## Genetic Algorithm
_________
#### The Genetic Algorithm(GA) is an evolutionary algorithm(EA) inspired by Charles Darwin’s theory of natural selection which espouses Survival of the fittest. As per the natural selection theory, the fittest individuals are selected to produce offsprings. The fittest parents' characteristics are then passed on to their offsprings using cross-over and mutation to ensure better chances of survival. Genetic algorithms are randomized search algorithms that generate high-quality optimization solutions by imitating the biologically inspired natural selection process such as selection, cross-over, and mutation.

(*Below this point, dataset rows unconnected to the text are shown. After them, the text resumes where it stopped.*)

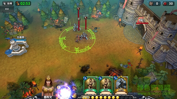 當我們把卡牌拖出卡牌顯示的固有位置時,我們就可以看到戰(zhàn)場上會出現(xiàn)一個綠色圓圈,然后手指上的卡牌會變成戰(zhàn)場上的兵種;然后我們就能把手指上的兵種布置在綠色圓圈中的任意位置了。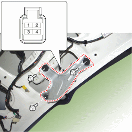 Откройте заднюю дверь и снимите обшивку задней двери. (См. Кузов — «Отделка задней двери») |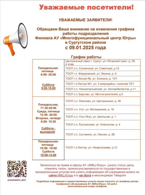 – С 9 января 2025 года изменяется режим работы филиала АУ «Многофункциональный центр Югры» в Сургутском районе и его территориальных обособленных структурных подразделений, – говорится в сообщении.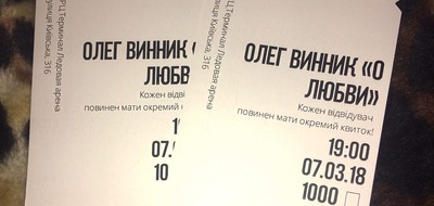 Продам, предлагаю - частное лицо: Билеты на концерты, Украина, Киев и областьКод: 725477 Создано: 05-03-2018 00:52
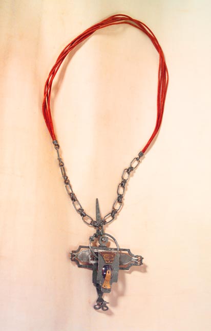 THE SOUL. Pendant (not including vertical piece where chain meets): Cord: 33" (83cm) Steel animal leg trap (with trip, chain and staking ring), Victorian forks, medieval horse boss fragment, brass balance cock with ruby, dichroic marble, brass, leather, steel wire. Click image to return |

### Terminology for Genetic Algorithm
![](https://miro.medium.com/max/695/1*vIrsxg12DSltpdWoO561yA.png)
#### **Population** contains a set of possible solutions for the stochastic search process to begin. GA will iterate over multiple generations till it finds an acceptable and optimized solution. First-generation is randomly generated.
#### **Chromosome** represents one candidate solution present in the generation or population. A chromosome is also referred to as a Genotype. A chromosome is composed of Genes that contain the value for the optimal variables.
#### **Phenotype** is the decoded parameter list for the genotype that is processed by the Genetic Algorithm. Mapping is applied to the genotype to convert to a phenotype.
#### The **Fitness function** or the objective function evaluates the individual solution or phenotypes for every generation to identify the fittest members.
__________
### Different Genetic Operators
#### **Selection** is the process of selecting the fittest solution from a population, and then the fittest solutions act as parents of the next generation of solutions. This allows the next generation to inherit the strong features naturally. Selection can be performed using Roulette Wheel Selection or **Ranked Selection** based on the fitness value.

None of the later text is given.